One could complain that this blog allots way too much space to two topics: tidying up and complaints about squirrels. At the risk of repetition, let’s discuss the squirrel issue this morning beginning with a year end review of our fruit harvest totals:

Fuji apples: 0
Winter banana apples: 0
Fuyu persimmons: 0
Hachiya persimmons: 0
Peaches: 0
Pomegranates: 6
Figs: 20?
Avocados: 20? but with a few bite marks

So not a total loss in the pom department but a long ways from my days of thinking that the hard skin of pomegranates are squirrel proof.

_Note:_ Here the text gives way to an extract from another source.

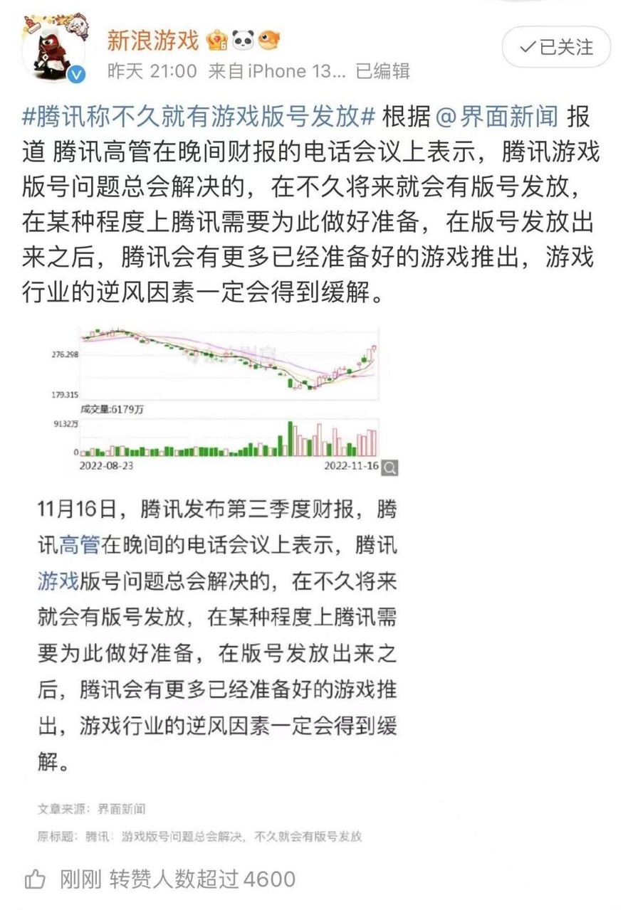 腾讯高管在晚间的电话会议上表示:腾讯游戏版号问题总会解决的,在不久将来就会有版号发放。在某种程度上腾讯需要为此做好准备,在版号发放出来之后,腾讯会有更多已经准备好的游戏推出,游戏行业的逆风因素一定会得到缓解。

This is the point in my squirrel complaint blog post where I lazily link to UC Davis’ squirrel management notions. It’s also the paragraph in which I claim to have discovered a miracle squirrel cure in the form of a lame old man joke. Now you’ve got a bad case of earworm. Go ahead and suggest dogs and rifles in the comments and you’ll see us soon on a PETA billboard.

A Lemon Arbor

Consider this post one of those inspirational ideas we’ll never get around to but perhaps an ambitious Root Simple reader will tackle: a lemon arbor. You can find this particular lemon arbor at Lotusland in Montecito, California.

We used to have a grape arbor that became a “stacking function fail” due to Los Angeles’ disruptive rat population. I suspect the rats would be less interested in the lemons but don’t hold me to that speculation. Our grape arbor came down to make way for a new patio and backyard designed by Haynes Landscape Design (I’ll post an update when the work is complete).